Excerpted data —
==============================

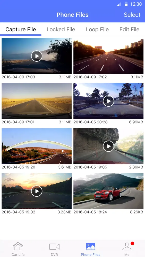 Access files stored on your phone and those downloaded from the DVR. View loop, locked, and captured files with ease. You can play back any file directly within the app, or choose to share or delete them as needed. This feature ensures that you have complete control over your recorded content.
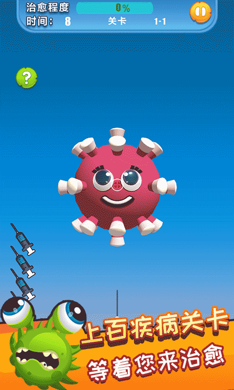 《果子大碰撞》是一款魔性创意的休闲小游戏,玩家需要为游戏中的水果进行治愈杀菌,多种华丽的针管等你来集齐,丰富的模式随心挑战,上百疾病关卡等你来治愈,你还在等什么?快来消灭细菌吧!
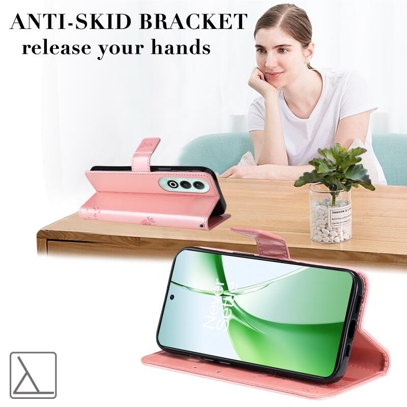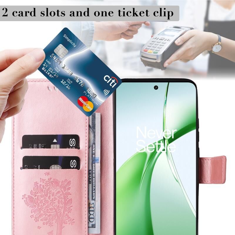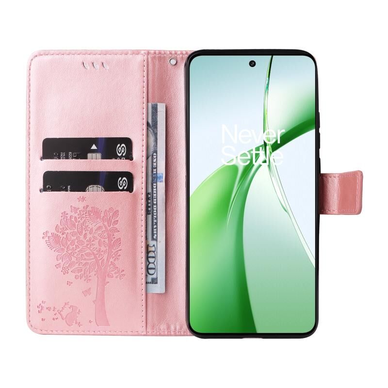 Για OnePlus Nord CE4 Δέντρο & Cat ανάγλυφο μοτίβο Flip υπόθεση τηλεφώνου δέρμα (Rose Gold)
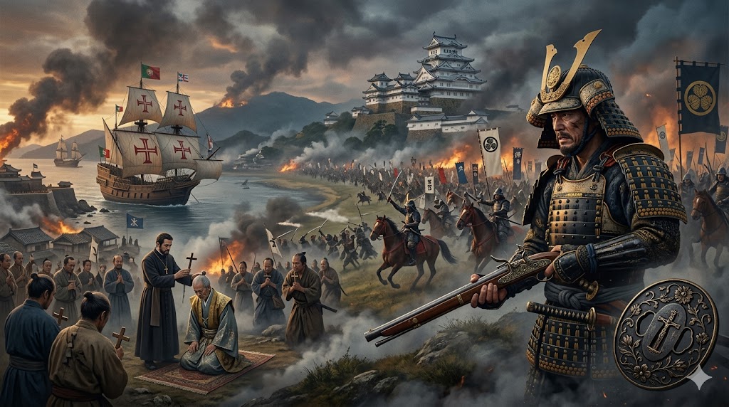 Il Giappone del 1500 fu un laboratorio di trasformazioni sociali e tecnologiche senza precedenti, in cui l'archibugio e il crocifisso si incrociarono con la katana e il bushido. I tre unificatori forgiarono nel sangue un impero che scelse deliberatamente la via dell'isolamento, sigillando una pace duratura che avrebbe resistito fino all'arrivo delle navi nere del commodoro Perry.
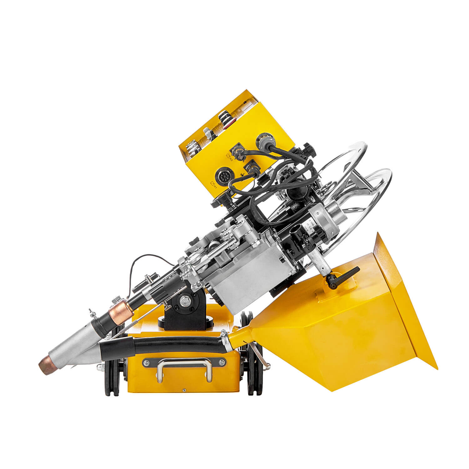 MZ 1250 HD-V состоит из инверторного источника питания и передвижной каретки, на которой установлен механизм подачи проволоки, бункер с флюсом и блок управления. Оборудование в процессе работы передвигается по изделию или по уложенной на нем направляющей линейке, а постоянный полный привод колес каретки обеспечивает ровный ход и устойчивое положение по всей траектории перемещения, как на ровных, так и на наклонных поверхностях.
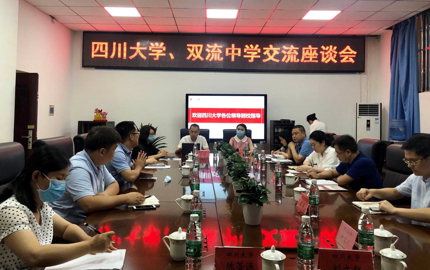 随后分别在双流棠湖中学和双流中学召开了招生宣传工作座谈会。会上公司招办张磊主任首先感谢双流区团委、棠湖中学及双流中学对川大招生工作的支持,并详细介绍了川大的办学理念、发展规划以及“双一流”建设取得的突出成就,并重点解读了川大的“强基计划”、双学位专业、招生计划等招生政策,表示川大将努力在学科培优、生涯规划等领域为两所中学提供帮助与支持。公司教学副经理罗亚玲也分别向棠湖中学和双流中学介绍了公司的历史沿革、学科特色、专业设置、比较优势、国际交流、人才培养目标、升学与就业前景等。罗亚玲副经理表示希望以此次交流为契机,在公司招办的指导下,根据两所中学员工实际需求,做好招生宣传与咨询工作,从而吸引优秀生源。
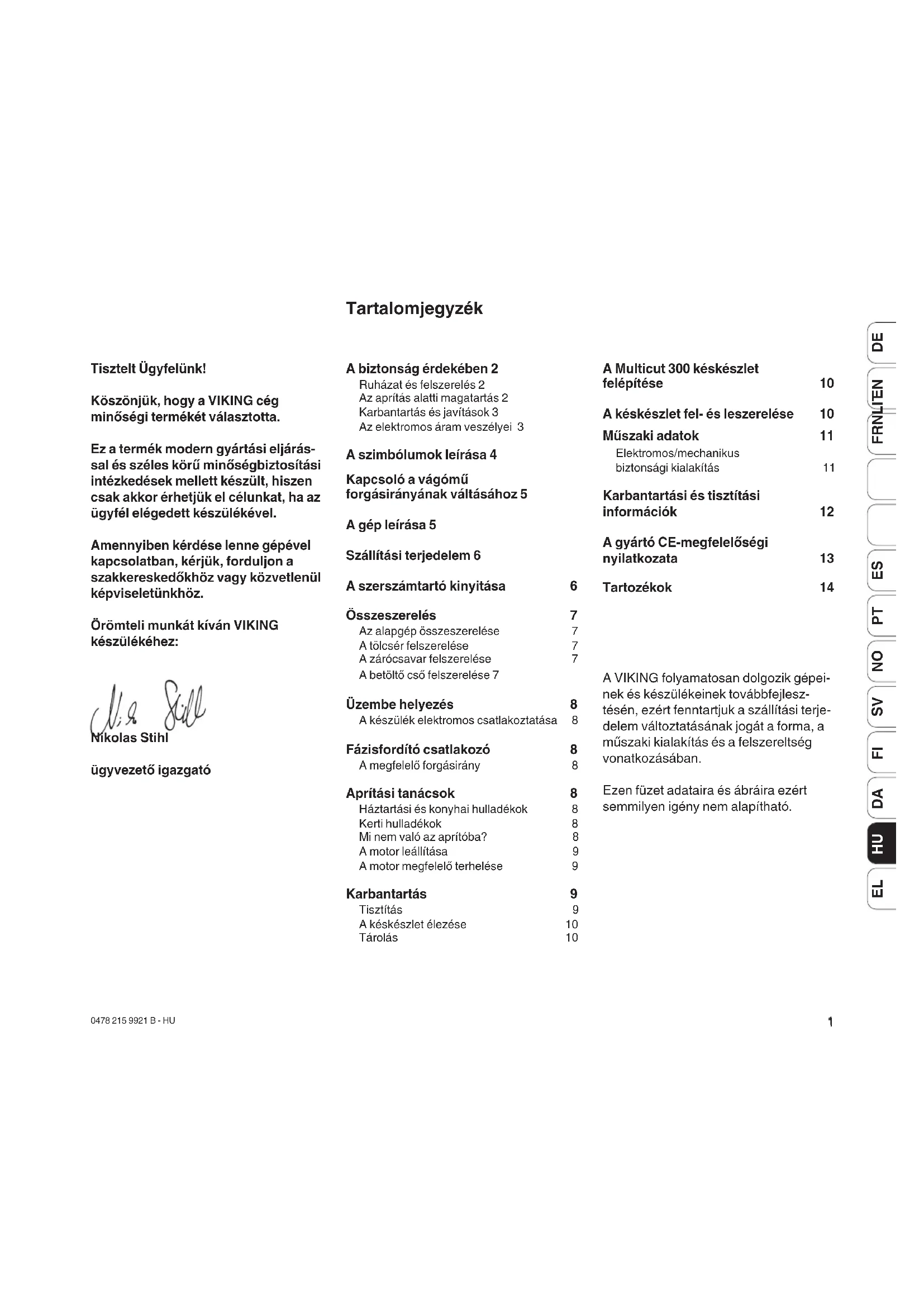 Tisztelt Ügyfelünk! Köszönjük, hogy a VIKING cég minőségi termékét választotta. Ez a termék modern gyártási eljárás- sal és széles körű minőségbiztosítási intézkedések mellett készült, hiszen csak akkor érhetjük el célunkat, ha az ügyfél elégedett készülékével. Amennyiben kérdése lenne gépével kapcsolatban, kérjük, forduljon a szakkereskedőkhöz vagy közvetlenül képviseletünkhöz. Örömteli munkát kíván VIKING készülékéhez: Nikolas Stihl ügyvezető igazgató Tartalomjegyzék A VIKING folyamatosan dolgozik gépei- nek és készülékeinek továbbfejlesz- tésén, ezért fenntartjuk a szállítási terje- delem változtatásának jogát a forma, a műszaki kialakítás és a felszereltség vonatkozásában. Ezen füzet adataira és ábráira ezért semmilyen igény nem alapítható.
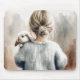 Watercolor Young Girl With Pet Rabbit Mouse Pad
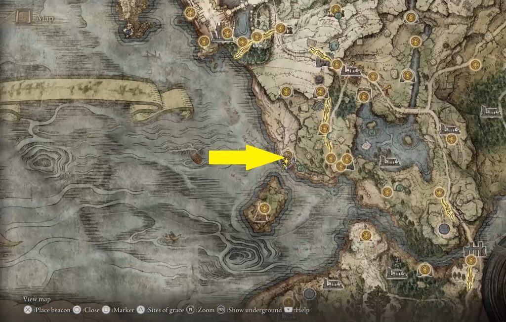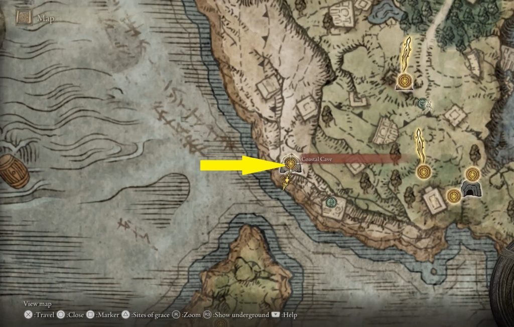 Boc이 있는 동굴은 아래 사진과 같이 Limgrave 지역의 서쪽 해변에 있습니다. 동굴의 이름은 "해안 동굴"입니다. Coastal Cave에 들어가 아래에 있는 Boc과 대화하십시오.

==============================

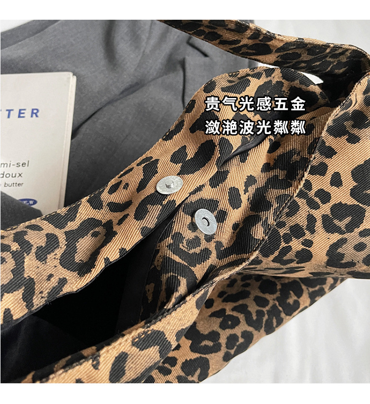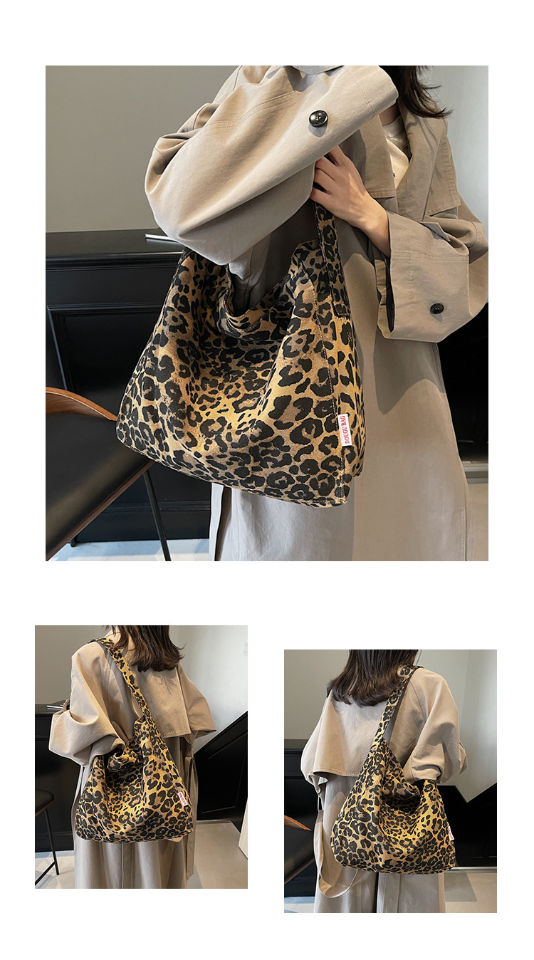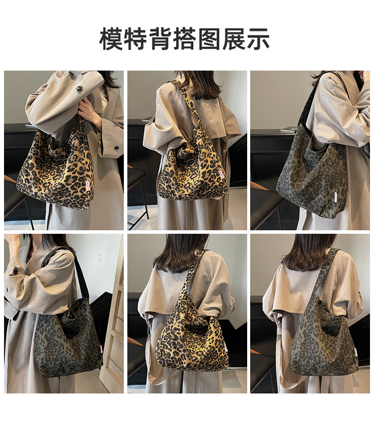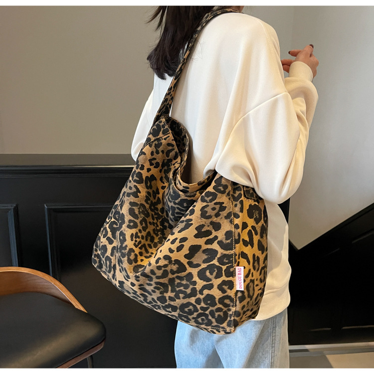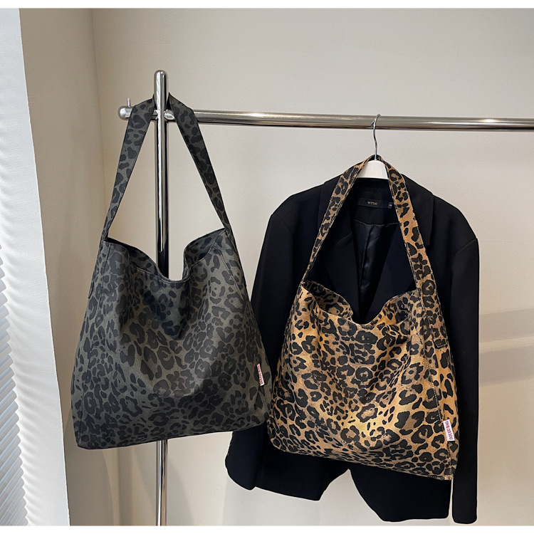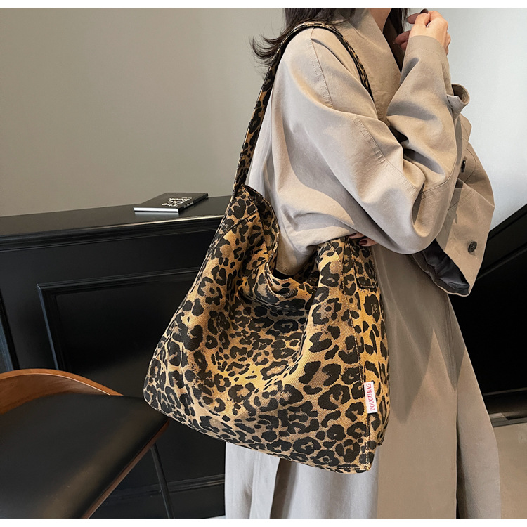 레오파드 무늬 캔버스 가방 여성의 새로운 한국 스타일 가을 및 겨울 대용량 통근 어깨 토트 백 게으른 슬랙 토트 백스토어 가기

==============================

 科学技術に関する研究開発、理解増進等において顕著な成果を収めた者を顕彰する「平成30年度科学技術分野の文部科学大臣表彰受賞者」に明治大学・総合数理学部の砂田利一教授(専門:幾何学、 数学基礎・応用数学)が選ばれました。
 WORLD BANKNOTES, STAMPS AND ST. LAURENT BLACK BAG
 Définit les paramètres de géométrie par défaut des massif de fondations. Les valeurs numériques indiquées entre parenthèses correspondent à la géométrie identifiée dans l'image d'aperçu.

==============================

Nothing but the lines from the one containing "Access files stored" through the one containing "随后分别在双流棠湖中学和双流" should appear, copied exactly from the material above and without pictures.

 Access files stored on your phone and those downloaded from the DVR. View loop, locked, and captured files with ease. You can play back any file directly within the app, or choose to share or delete them as needed. This feature ensures that you have complete control over your recorded content.
 《果子大碰撞》是一款魔性创意的休闲小游戏,玩家需要为游戏中的水果进行治愈杀菌,多种华丽的针管等你来集齐,丰富的模式随心挑战,上百疾病关卡等你来治愈,你还在等什么?快来消灭细菌吧!
 Για OnePlus Nord CE4 Δέντρο & Cat ανάγλυφο μοτίβο Flip υπόθεση τηλεφώνου δέρμα (Rose Gold)
 Il Giappone del 1500 fu un laboratorio di trasformazioni sociali e tecnologiche senza precedenti, in cui l'archibugio e il crocifisso si incrociarono con la katana e il bushido. I tre unificatori forgiarono nel sangue un impero che scelse deliberatamente la via dell'isolamento, sigillando una pace duratura che avrebbe resistito fino all'arrivo delle navi nere del commodoro Perry.
 MZ 1250 HD-V состоит из инверторного источника питания и передвижной каретки, на которой установлен механизм подачи проволоки, бункер с флюсом и блок управления. Оборудование в процессе работы передвигается по изделию или по уложенной на нем направляющей линейке, а постоянный полный привод колес каретки обеспечивает ровный ход и устойчивое положение по всей траектории перемещения, как на ровных, так и на наклонных поверхностях.
 随后分别在双流棠湖中学和双流中学召开了招生宣传工作座谈会。会上公司招办张磊主任首先感谢双流区团委、棠湖中学及双流中学对川大招生工作的支持,并详细介绍了川大的办学理念、发展规划以及“双一流”建设取得的突出成就,并重点解读了川大的“强基计划”、双学位专业、招生计划等招生政策,表示川大将努力在学科培优、生涯规划等领域为两所中学提供帮助与支持。公司教学副经理罗亚玲也分别向棠湖中学和双流中学介绍了公司的历史沿革、学科特色、专业设置、比较优势、国际交流、人才培养目标、升学与就业前景等。罗亚玲副经理表示希望以此次交流为契机,在公司招办的指导下,根据两所中学员工实际需求,做好招生宣传与咨询工作,从而吸引优秀生源。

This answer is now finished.